Friday, June 8, 2012

I Release You



Today, for whatever reason, a memory came flooding back to me. It was a point when we were young, maybe 23 years old, when I told my husband, "I release you". I don't think on this often, because it was in the midst of my darkest days. The period of my life that I'd just rather forget than remember.
For those of you who aren't familiar with the Bible, there are passages that speak of the joy of having a children. Psalm 127:3-5 says, "Behold, children are a heritage from the Lord, the fruit of the womb a reward. Like arrows in the hand of a warrior are the children of one's youth. Blessed is the man who fills his quiver with them! He shall not be put to shame when he speaks with his enemies in the gate." I had felt like I was a failure of a wife, how could I hold my husband back from this blessing?
Even though we had no confirmed answer as to why we couldn't have children, I knew then that it wasn't his problem, it was mine. So, out of pity (for him or for me, I couldn't tell you), I told him that he could divorce me to find a wife that could give him a child. He was free to leave.

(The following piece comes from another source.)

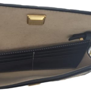 Simple lines. Hand-sewn pick stitching. Our Double T in gold brass rolled. The Juliette French linen is made of Italian linen twill, printed with multi-directional stripes. It’s detailed with leather edges. Perfect for busy days and weekend getaways as of cultch, wallet, or crossbody bag.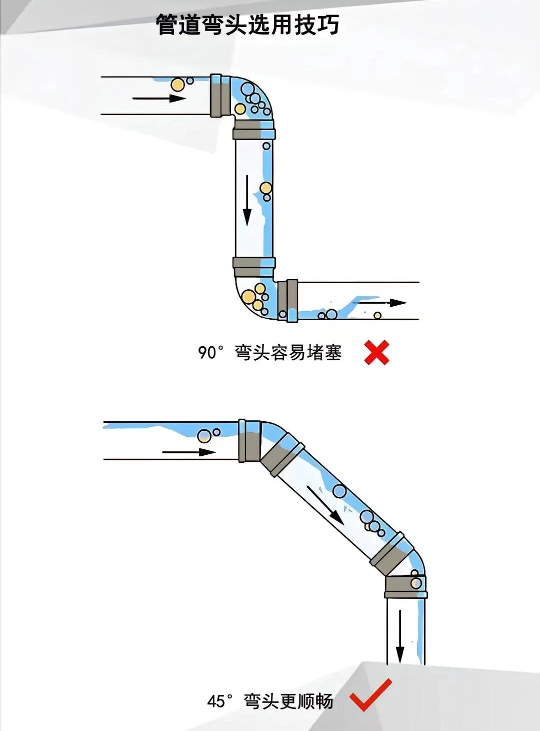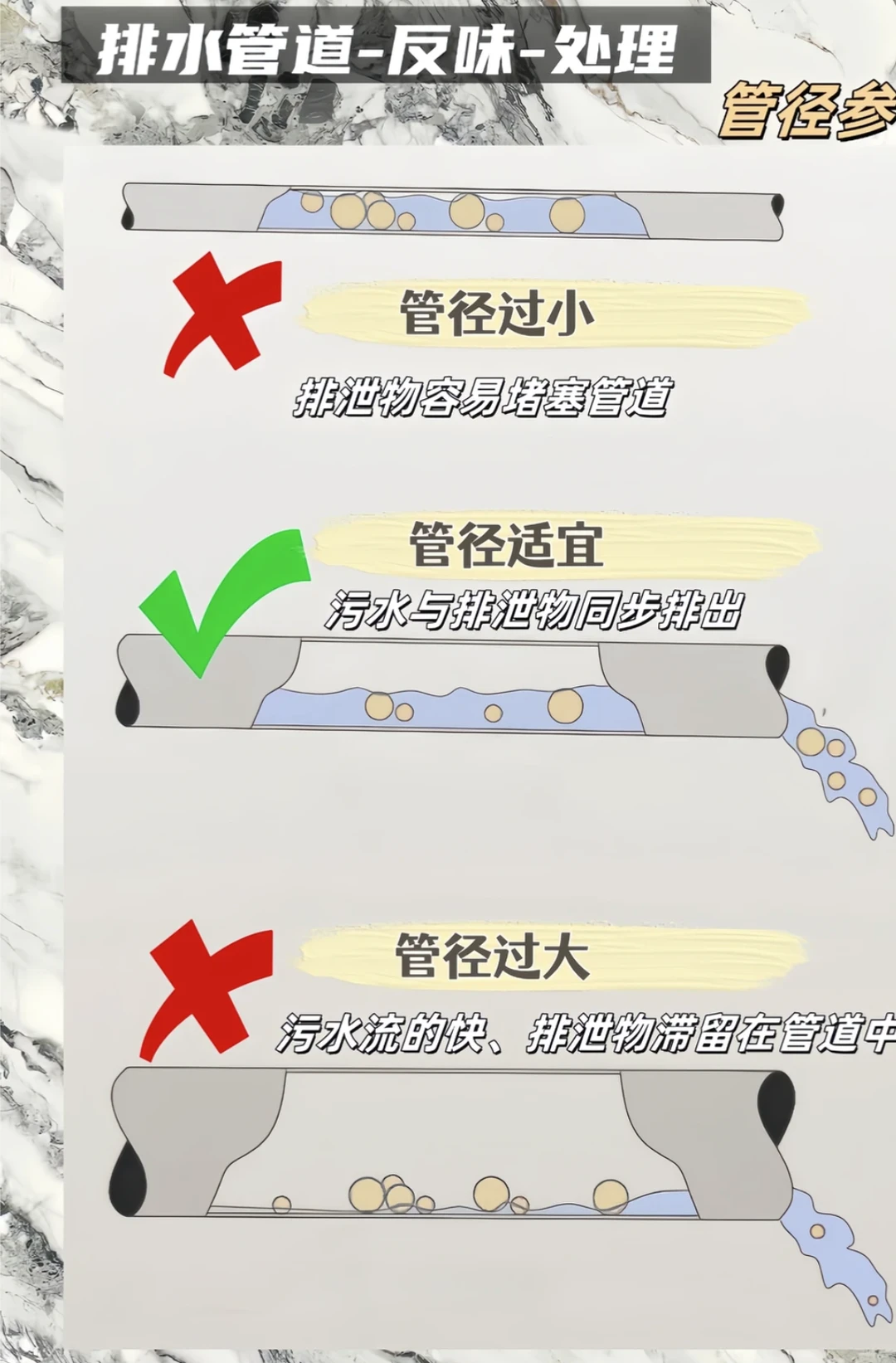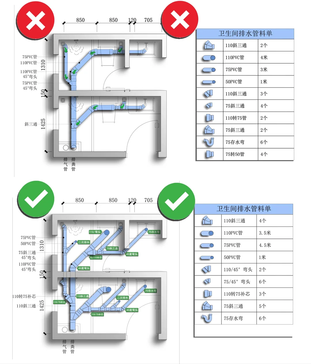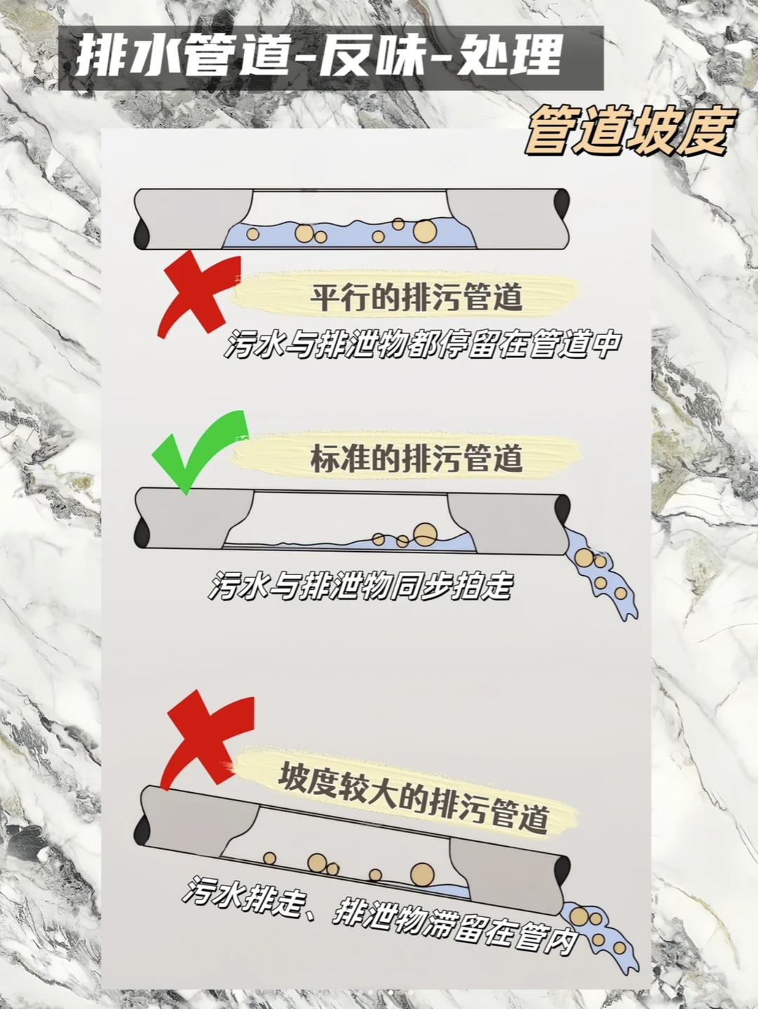 💡 避坑总结 - 三通选斜不选正 - 弯头用45°不用90° - 管径110做主排污,75/50做废水 - 管道必须有标准坡度 - 所有排水口都要有存水弯 装修是个细活,排水更是隐蔽工程,千万别图省事!把这些细节做好,才能拥有一个干爽无异味的卫生间~

Thankfully, I am blessed with a wonderful husband, and one who was wise beyond his 23 years. He told me that he had no interest in leaving me. That if we lived childless forever, he would be happy just being my husband.
Now that I am older (nearly a decade!) I can look back on that moment and realize that it doesn't matter how your family is built. Or if you have children at all. What matters is that you, as an individual or a couple, have support. You have someone who loves you, and chooses to stand by you regardless of the circumstances. I pray that you have the same.